Om de colokalisatie van MTHR1 binnen AC3 te kwantificeren, werd de overlapcoëfficiënt van Mander gemeten en was er een significante toename van de overlap in de paraventriculaire kern dan in de boogvormige kern. Om de intensiteit langs de lengte van de trilharen te meten, werd de polariteit van trilharen gedefinieerd met behulp van Centrin2-GFP als de basale lichaamsmarker. Dit maakte het mogelijk om de basis van trilharen te onderscheiden van de uiteinden van ARL13B-M kersenpositieve trilharen.
Veranderingen in ARL13B-intensiteit langs de lengte van trilharen werden waargenomen waarbij de ARL13B-intensiteit hoger was aan de basis dan aan de punt van het cilium in boogvormige kern, gezien aan de linkerkant, evenals PVN, zoals te zien aan de rechterkant.
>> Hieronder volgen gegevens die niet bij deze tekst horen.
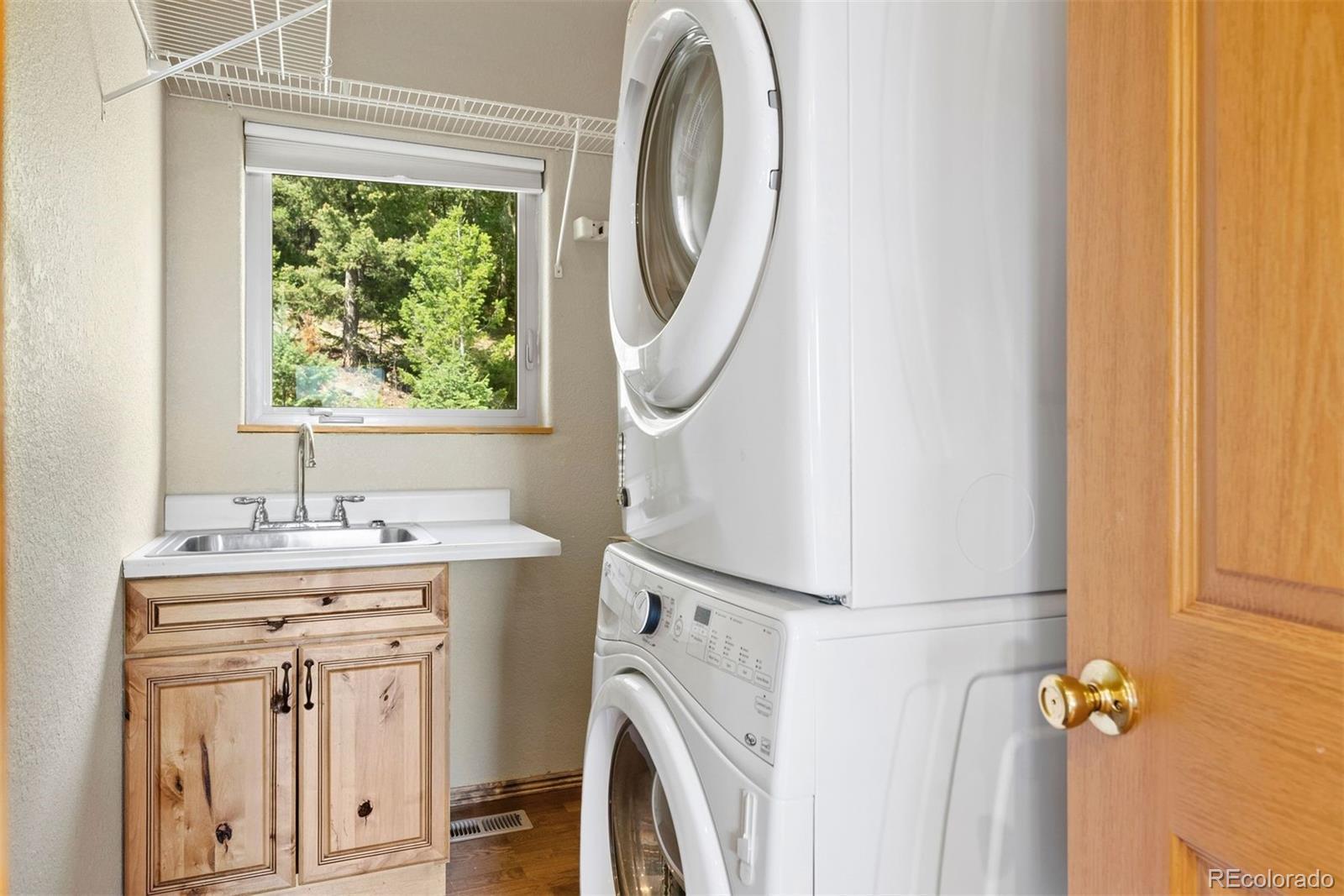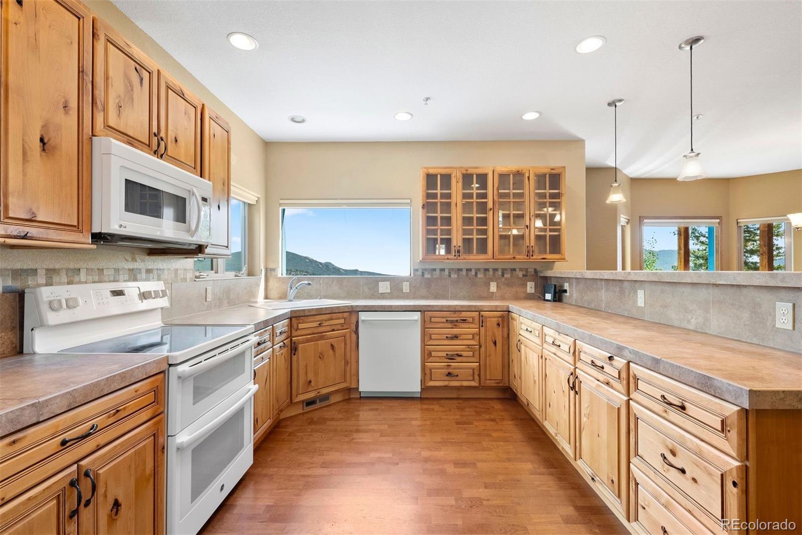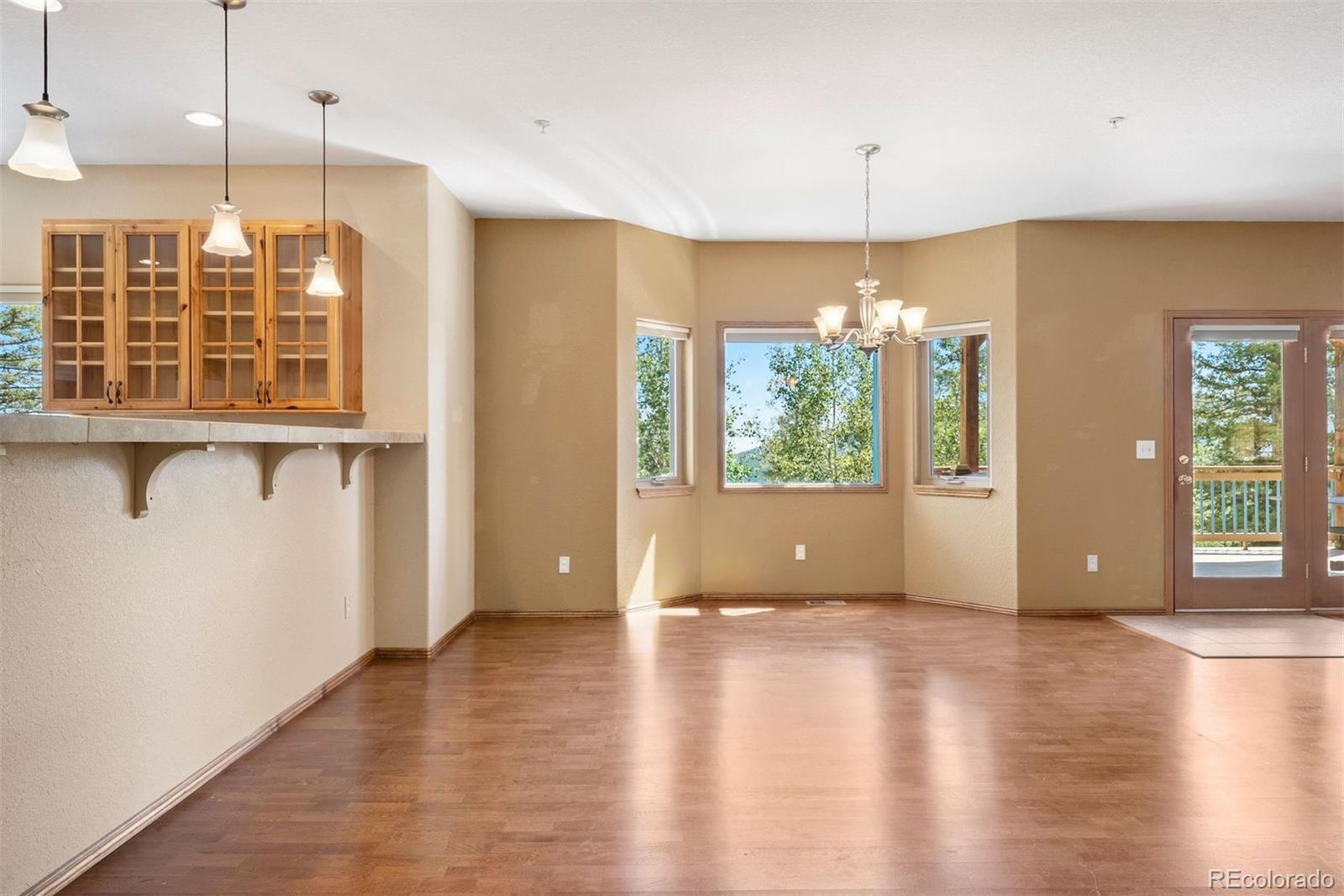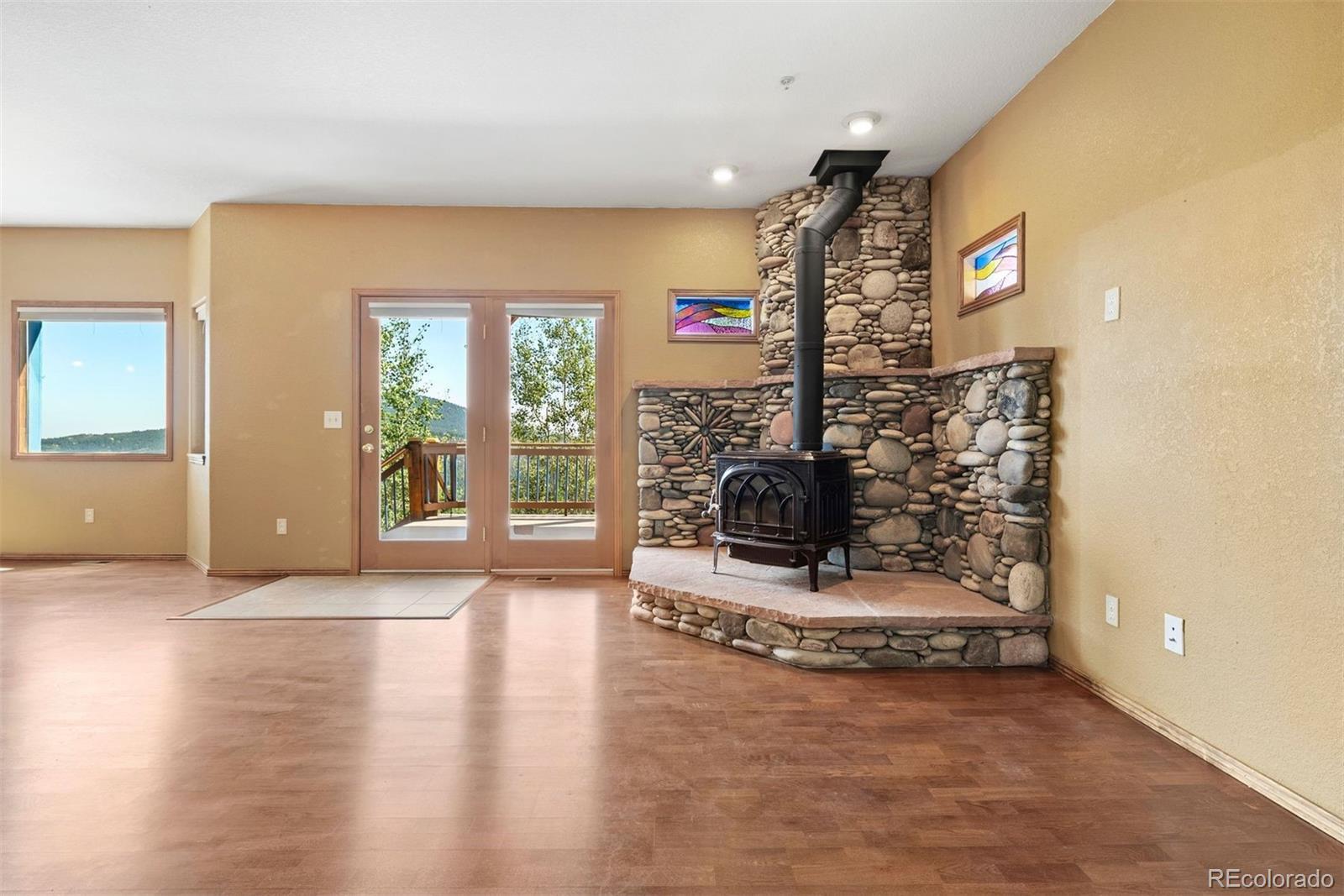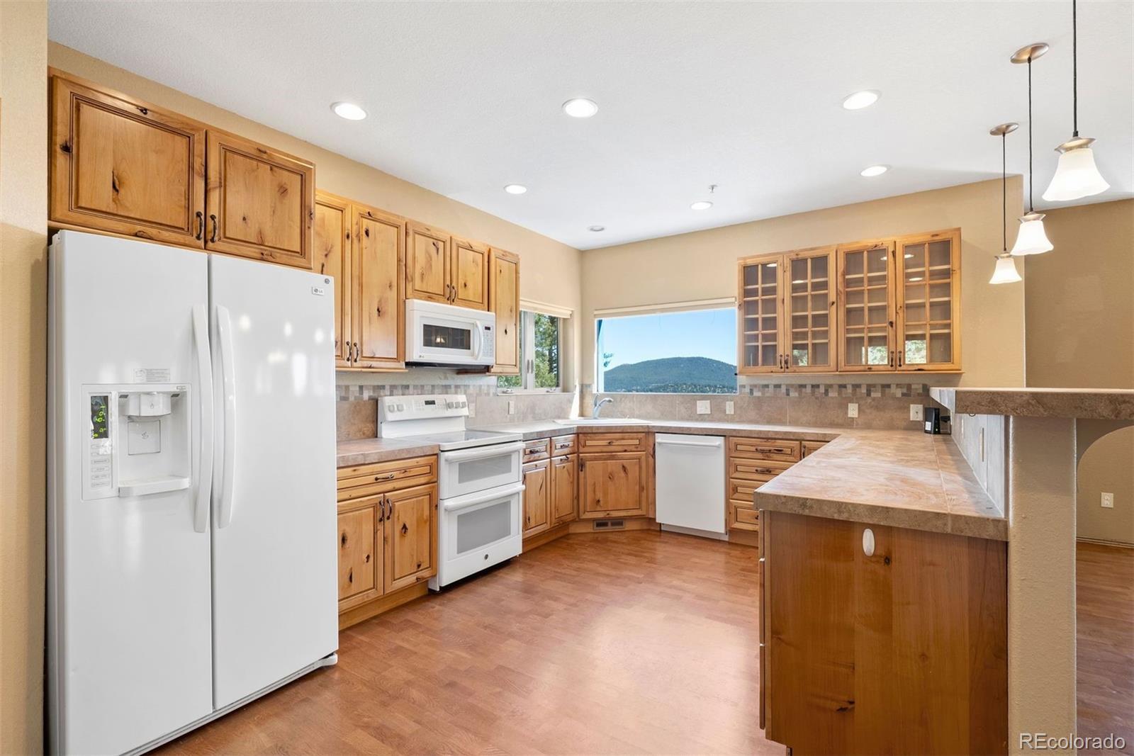 Nestled at the top of a quiet, private Conifer road, this property has the best of mountain living: beautiful views, a charming outdoor setting, a spacious three-bedroom home, and easy access to the amenities in Aspen Park or the Colorado mountains. Homeowners can enjoy true indoor-outdoor living, with outdoor spaces accessible from each level of this tri-level home. A hot tub and built-in fire pit provide additional settings to enjoy the beautiful surroundings. The paved driveway, attached two-car garage and additional workshop/studio create ample space for vehicles, RVs, ATVs or working on projects. Furry friends will have freedom to run in the large fenced dog run and gated deck areas. The indoor space is light and bright, with ample windows showcasing the beautiful views. During the winter, curl up by one of the cozy wood stoves in the two finished living areas of the home. The main floor features an open concept kitchen/dining room/living room, as well as a bedroom and full bath, plus a laundry room conveniently located adjacent to the kitchen. Two spacious and light-filled bedrooms are located on the upper level, along with a stunning newly-remodeled bathroom with a large walk-in shower/sauna. One bedroom walks out to a private deck and features a walk-in closet with built-ins. The lower level features a living room, a full bath, and a multi-purpose room that could be used as an office, workout room, sewing room. Storage abounds with a large attic/storage area with easy stair access from the upper level. Road maintenance is $420 annually and is a cooperative agreement among the residents of Blue Sky Trail.

Bij het analyseren van gegevens met deze aanpak is het belangrijk om ervoor te zorgen dat de kwaliteit en resolutie van de experimentele dataset consistent is met die welke wordt gebruikt om AI te trainen. Het belangrijkste nut van deze aanpak is dat na het detecteren van trilharen door AI, de gebruiker creatief kan zijn over welke eigenschappen worden geanalyseerd door de analyseworkflow aan te passen die in de software is geïntegreerd.
Deze studie onderzoekt de toepassing van kunstmatige intelligentie (AI) voor de analyse van primaire cilia, met als focus het verbeteren van de nauwkeurigheid en efficiëntie van beeldgebaseerde metingen. De methodologie maakt een rigoureuze beoordeling mogelijk van cilia-eigenschappen zoals lengte en kleurintensiteit, waardoor potentiële discrepanties in ciliaire kenmerken tussen verschillende celtypen worden onthuld.